Note that in other similar large models, but lacking discrete variables, the scaling is roughly linear, see, e.g., DistributionSystemModelica_N_XX_M_XX
NxM | time |
---|---|
196 | 0.138 |
400 | 0.652 |
784 | 0.414 |
1600 | 0.883 |
Change History (13)
comment:1 Changed 8 years ago by casella
- Component changed from *unknown* to Backend
- Milestone changed from Future to 1.10.0
- Owner changed from somebody to lochel
- Priority changed from high to critical
comment:2 follow-up: ↓ 3 Changed 8 years ago by hkiel
comment:3 in reply to: ↑ 2 Changed 8 years ago by casella
Replying to hkiel:
The culprit is mapSortEqnsDAE (Tarjan's algorithm)
I understand that the complexity of Tarjan's algorithm is linear with the number of nodes and edges in the graph, so this should scale as O(N). I guess there's something very inefficient in the algorithm's implementation.
comment:4 Changed 8 years ago by casella
In the meantime the performance reported by execstat on Hudson has improved by a constant factor around 2.5 w.r.t. the values reported when I opened this ticket, but it is still O(N3).
comment:5 Changed 7 years ago by sjoelund.se
- Milestone changed from 1.10.0 to 1.11.0
Ticket retargeted after milestone closed
comment:6 in reply to: ↑ description Changed 7 years ago by casella
Status update, with results from libraries.openmodelica.org
N | time |
---|---|
160 | 0.4 |
320 | 3.6 |
640 | 27.9 |
1280 | 237.3 |
which is still O(N3).
comment:7 Changed 7 years ago by sjoelund.se
- Milestone changed from 1.11.0 to 1.12.0
Milestone moved to 1.12.0 due to 1.11.0 already being released.

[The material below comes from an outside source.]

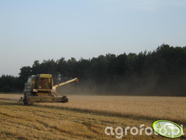 Kombajn Fortschritt E-514 podczas prac żniwnych na polu zboża. Maszyna wyposażona w heder z motowidłami skutecznie realizuje proces koszenia, dostosowując się do charakterystyki polskich pól. Fortschritt E-514 napędzany silnikiem o mocy 105 KM wykorzystuje klasyczny system omłotu bębnowego, co zapewnia solidne parametry pracy przy zachowaniu odpowiedniej jakości ziarna. Zbiornik na ziarno o pojemności 3 200 litrów umożliwia efektywne gospodarowanie materiałem podczas zbiorów. Na zdjęciu kombajn porusza się po rozległym polu zboża, w tle widoczna jest zalesiona krawędź działki, co nadaje mu realny kontekst pracy w typowym wiejskim krajobrazie.
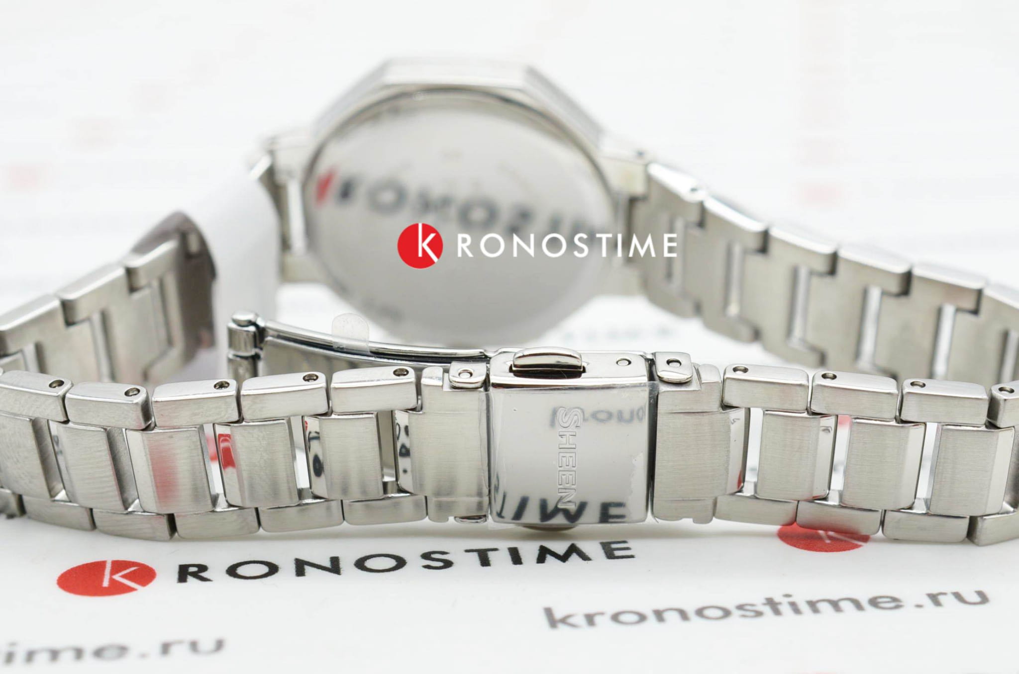 Женские японские часы Casio Sheen SHE-4543D-7A, кварцевый механизм с высокой точностью. Класс водозащиты: 50 метров, позволит защитить корпус от случайных брызг или капель дождя. Корпус изготовлен из нержавеющей стали. БезельБезельВнешний ободок, закрепляющий стекло. В спортивных часах так называется поворотное кольцо с делениями на циферблате, выполняет роль таймера – замеряет отрезки времени на шкале. Неподвижный безель – элемент декора. Однонаправленно вращающийся безель на дайверских часах позволяет фиксировать моменты погружения и выныривания на поверхность. украшен 4-мя кристаллами. Окошко даты на отметке 6 часов. Полированный литой стальной браслет имеет раскладывающуюся застежкуРаскладная застёжкаТакой тип застёжки используется только на браслетах из металла. Она никогда не раскрывается полностью, происходит разделение на 2 и более частей. Раскладывающая застёжка снизит вероятность потери часов к минимуму.. Метки в виде штрихов.

comment:8 Changed 7 years ago by casella
- Owner changed from lochel to ptaeuber
- Status changed from new to assigned
@ptaeuber, could you have a look at this? I noticed that (according to @hkiel's comment), this large amount of time is also spent by matching and sorting.
Maybe there is something wrong (or grossly naive) in how we deal with the sorting of hybrid systems? This phenomenon only takes place when there are many events and discrete variables involved.
Thanks!
comment:9 Changed 7 years ago by casella
- Summary changed from Prepare PostOptimizeDAE scales as O(N^3) in models with large numbers of discrete variables to Matching and sorting scales as O(N^3) in models with large numbers of discrete variables
BTW, the BreakerNetwork_N_XX models show similar times also for tearingSystem. I guess the root cause is the same, please have a look at that also.
I am changing the summary to reflect more precisely what the problem is.
comment:10 Changed 7 years ago by ptaeuber
- Status changed from assigned to accepted
comment:11 Changed 7 years ago by hkiel
Most of the time is spent in Differentiate.differentiateExp() for big models:
N | time tearing | time tearing w/o LC | ||
---|---|---|---|---|
(init) | (sim) | (init) | (sim) | |
320 | 3.86 | 4.04 | 1.44 | 1.41 |
640 | 33.7 | 33.3 | 7.97 | 7.27 |
1280 | 281.6 | 275.9 | 46.85 | 42.3 |
Most of the time is spent for loop checking in the differentiation. So with removed loop check (w/o LC) times are very much lower. See #4454. I would go for removing the check completely as proposed in PR1698.
comment:12 Changed 7 years ago by ptaeuber
Since removing the loop check much less time is spent for prepare postOptimizeDAE (which is actually the matching and sorting of the initial system) as well:
N | time (prepare postOptimizeDAE) |
320 | 0.226 |
640 | 0.6898 |
1280 | 2.188 |
comment:13 Changed 7 years ago by casella
- Resolution set to fixed
- Status changed from accepted to closed
Excellent result, thanks for your efforts! A two orders of magnitude improvement on the largest model sounds really impressive :)
I guess I can now close this ticket for good.
The culprit is mapSortEqnsDAE (Tarjan's algorithm)
It would be worth looking at that, because I see it called 27 times during simulation where three calls have considerable running times (one is in the prepare postOptimizeDAE phase)